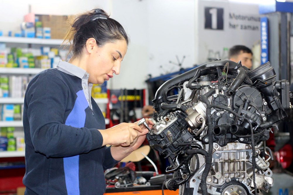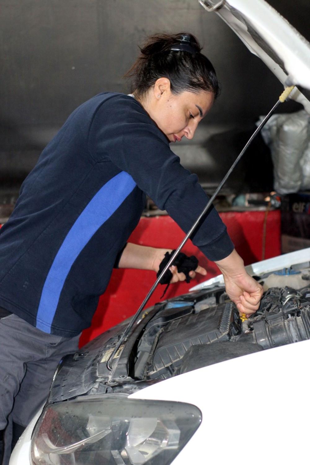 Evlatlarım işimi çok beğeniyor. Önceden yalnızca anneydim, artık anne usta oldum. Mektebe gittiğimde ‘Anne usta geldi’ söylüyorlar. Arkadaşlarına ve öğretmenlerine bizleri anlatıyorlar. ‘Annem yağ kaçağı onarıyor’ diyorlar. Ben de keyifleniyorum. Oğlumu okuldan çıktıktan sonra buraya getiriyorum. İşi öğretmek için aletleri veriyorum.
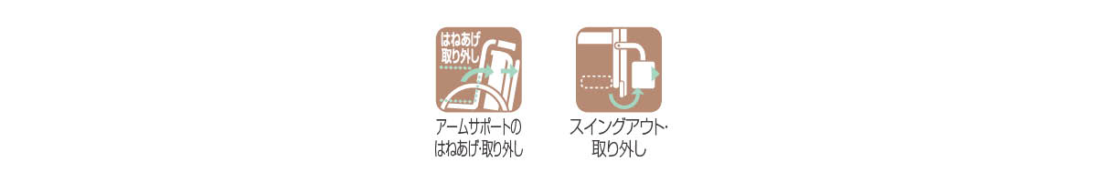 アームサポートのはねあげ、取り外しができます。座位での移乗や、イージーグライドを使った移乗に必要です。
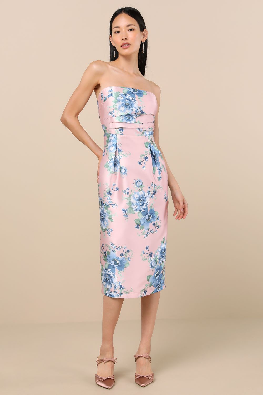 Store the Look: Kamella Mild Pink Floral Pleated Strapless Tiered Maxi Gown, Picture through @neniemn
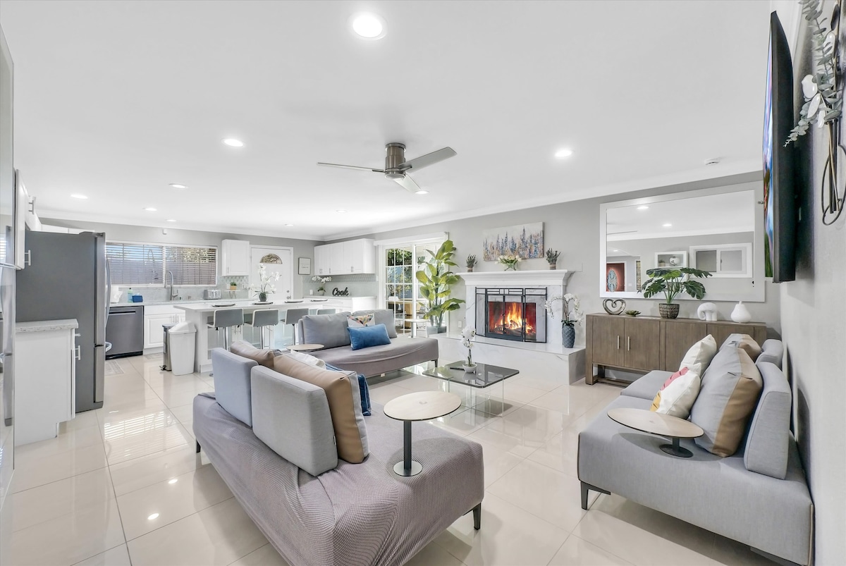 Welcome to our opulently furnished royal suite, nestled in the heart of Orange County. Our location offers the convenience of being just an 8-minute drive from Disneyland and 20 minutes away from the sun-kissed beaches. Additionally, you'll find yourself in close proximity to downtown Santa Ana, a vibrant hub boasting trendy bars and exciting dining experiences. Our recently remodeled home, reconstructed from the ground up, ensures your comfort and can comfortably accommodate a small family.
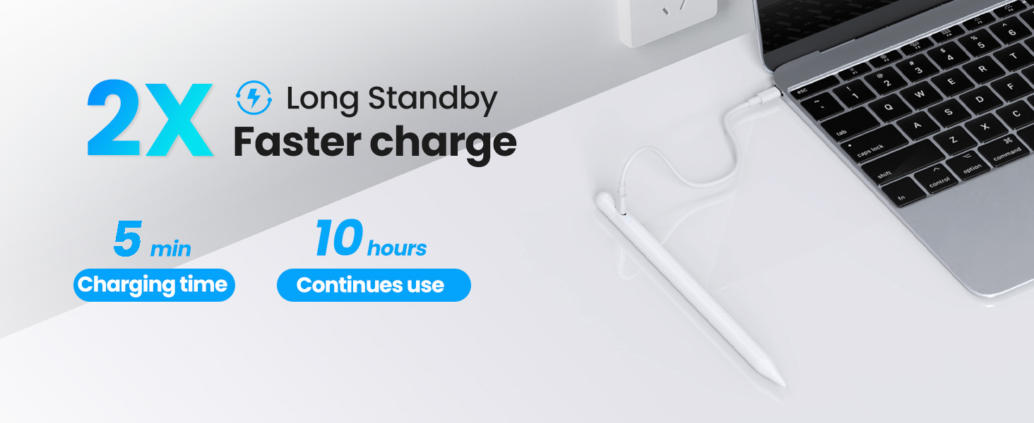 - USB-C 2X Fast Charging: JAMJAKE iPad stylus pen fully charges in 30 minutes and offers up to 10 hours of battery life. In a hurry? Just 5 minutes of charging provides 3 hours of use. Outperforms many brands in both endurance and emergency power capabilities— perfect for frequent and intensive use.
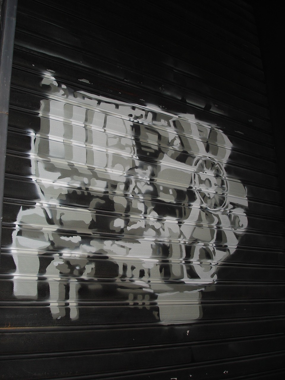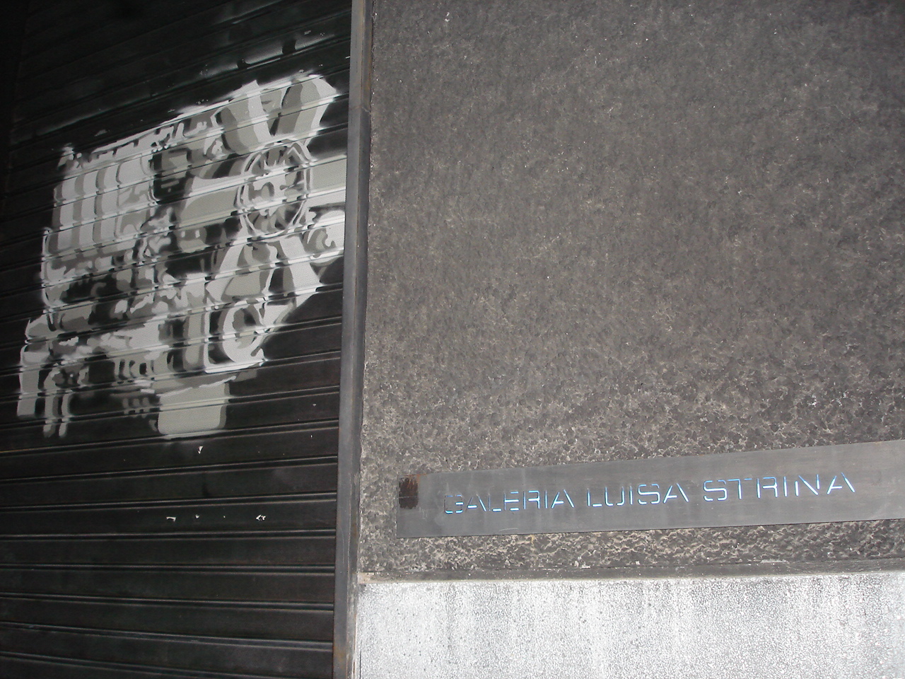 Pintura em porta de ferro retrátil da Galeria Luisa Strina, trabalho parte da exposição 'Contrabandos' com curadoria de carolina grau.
☆ ☆ ☆ ☆ ☆
▶ [WORK INSTRUCTION]
Copy only what lies between the line with "Store the Look: Kamella" and the line with "- USB-C 2X Fast", those two lines included, exactly as given above; pictures stay out.

▶ [SOLUTION TO THIS TASK]
 Store the Look: Kamella Mild Pink Floral Pleated Strapless Tiered Maxi Gown, Picture through @neniemn
 Welcome to our opulently furnished royal suite, nestled in the heart of Orange County. Our location offers the convenience of being just an 8-minute drive from Disneyland and 20 minutes away from the sun-kissed beaches. Additionally, you'll find yourself in close proximity to downtown Santa Ana, a vibrant hub boasting trendy bars and exciting dining experiences. Our recently remodeled home, reconstructed from the ground up, ensures your comfort and can comfortably accommodate a small family.
 - USB-C 2X Fast Charging: JAMJAKE iPad stylus pen fully charges in 30 minutes and offers up to 10 hours of battery life. In a hurry? Just 5 minutes of charging provides 3 hours of use. Outperforms many brands in both endurance and emergency power capabilities— perfect for frequent and intensive use.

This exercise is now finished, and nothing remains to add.